From Martinique to Marseilles to Medaka: profile of bioinformatician Mirana Ramialison


The Medaka fish is a simple model organism, amenable to genetic techniques, easily grown in the lab, but at the same time sharing many molecular processes with higher vertebrates. This image, taken with a newly developed microscope called a Digital Scanned Laser Light Sheet Fluorescence Microscope, shows a 5mm-long juvenile at the age of 10 days. The glowing green areas show its developing brain, eye and spinal cord.  Image by Philipp Keller, from the lab of Ernst Stelzer at EMBL

Editor's note: As part of an ongoing series, iSGTW presents profiles of women researchers in grid computing. 

 

What do you do?

In our research group, led by Jochen Wittbrodt of the European Molecular Biology Laboratory in Germany, we are studying Medaka (alias "the-small-fish-with-big-eyes" in Japanese) to understand how an eye forms in an embryo. Since Medaka eyes are similar to human ones, we can have a better understanding of human eye diseases resulting from malformations. When you look at Medaka transparent eggs under the microscope, you can see the eye developing "live."

 

How does computation fit into this?

My PhD work is not restricted to the eye only, but aims to understand which genes are essential for the formation of all organs, such at the eye, brain, ears, etcera. Therefore, I went to Kyoto to collect information about Medaka genes (more than 20,000) and built a database to store it. As it is impossible to study so many genes at once — it can take a whole career to study the function of just one — I have written computer programs to predict and analyze their function. I also do experiments to validate if the predictions of my programs are correct or if they are telling me complete nonsense  — which is more often the case, I have to admit, and that's why a PhD always takes more than 3 years!

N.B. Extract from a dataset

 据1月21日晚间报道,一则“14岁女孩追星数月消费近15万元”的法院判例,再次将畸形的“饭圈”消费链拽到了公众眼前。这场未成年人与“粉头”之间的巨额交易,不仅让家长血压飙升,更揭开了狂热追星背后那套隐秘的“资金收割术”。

Luckily before the PhD, I graduated from an engineering school where I learned bioinformatics techniques that allow the analysis of thousands of genes at a time. During high school, I enjoyed biology and mathematics a lot, and bioinformatics is somewhere in between these two fields.

 

Which subjects did you enjoy in school?

I remember at primary school, I was so impatient to go to school on Saturday mornings, because that was the day we were allowed to play with computers! (No, I'm not a geek.) During high school, I enjoyed both biology and mathematics a lot, so it was not easy to decide which field to follow.

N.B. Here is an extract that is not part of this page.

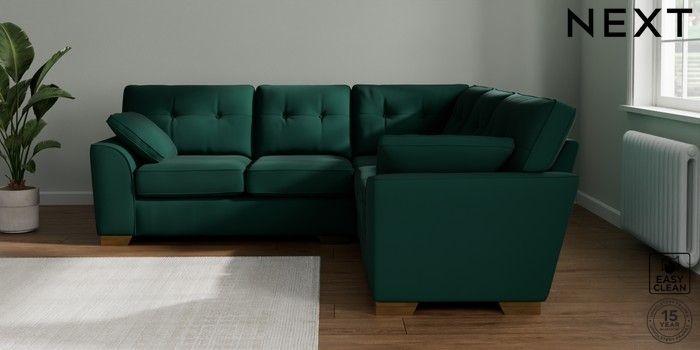 7.2.10 Buy Stamford Buttoned Back Medium Corner Sofa - Universal Plush Velvet Easy Clean Bottle Green Large Square Angle - Brushed Brass from the Next UK online shop Click here to use our accessible website

How did your career progress?

I started to study biology at the University of Grenoble, and then graduated from an engineering school in biotechnologies in Marseilles, where I learned bioinformatics. This was by far my favorite subject, since it required computer science and a knowledge of biology, so I didn't need to choose between them anymore!

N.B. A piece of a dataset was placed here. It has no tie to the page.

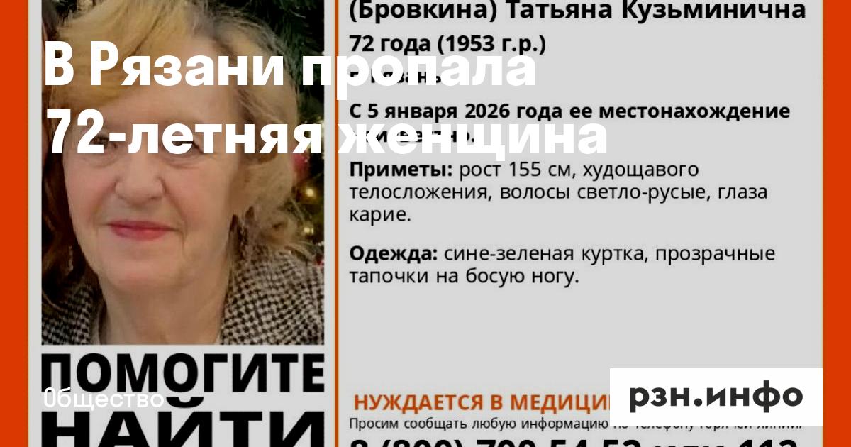 В Рязани пропала 72-летняя Анашина (Боровкина) Татьяна Кузьмична. С 5 января ее местонахождение неизвестно. Об этом сообщает поисково-спасательный отряд «ЛизаАлерт». Среди особых примет: рост 155 см, худощавое телосложение, волосы светло-русые, глаза карие. В день исчезновения она была в сине-зеленой куртке, прозрачных тапочках на босую ногу. Всех, кто располагает какой-либо информацией, просят сообщить по телефону горячей линии «ЛизаАлерт» 8 (800) 700-54-52, инфоргу Екатерине +7 (910) 901-35-82.

Ramialson says: "Being born on one island, Madagascar, and grown up on another island, Martinique, somehow it must have been my fate to work with fish. And my fish of choice is Medaka, a small freshwater fish from yet another island: Japan." Image courtesy of Miran Ramialison

What's the best thing about your job?

What I like most about my work is the independence to follow your own ideas and organize your research, and the opportunity to travel a lot. In research, you have to go abroad to advertise your work, and be aware of what scientists are doing in other labs around the world. 

During my PhD, I enjoyed attending conferences in Italy, the UK, the USA and Japan. But I have to admit that when I am back in Germany, where the winters are not exactly warm, I am very happy to see my little Medaka again, which are happily swimming in aquariums where the water temperature is a tropical 25°C.

But when I am not in the fishroom or at my computer, I practice Japanese and I also take German courses. I enjoy cooking different type of food (Malagasy and Creole for instance) but most of all, I love dancing hip-hop, salsa and zouk — typical music from the French Caribbean.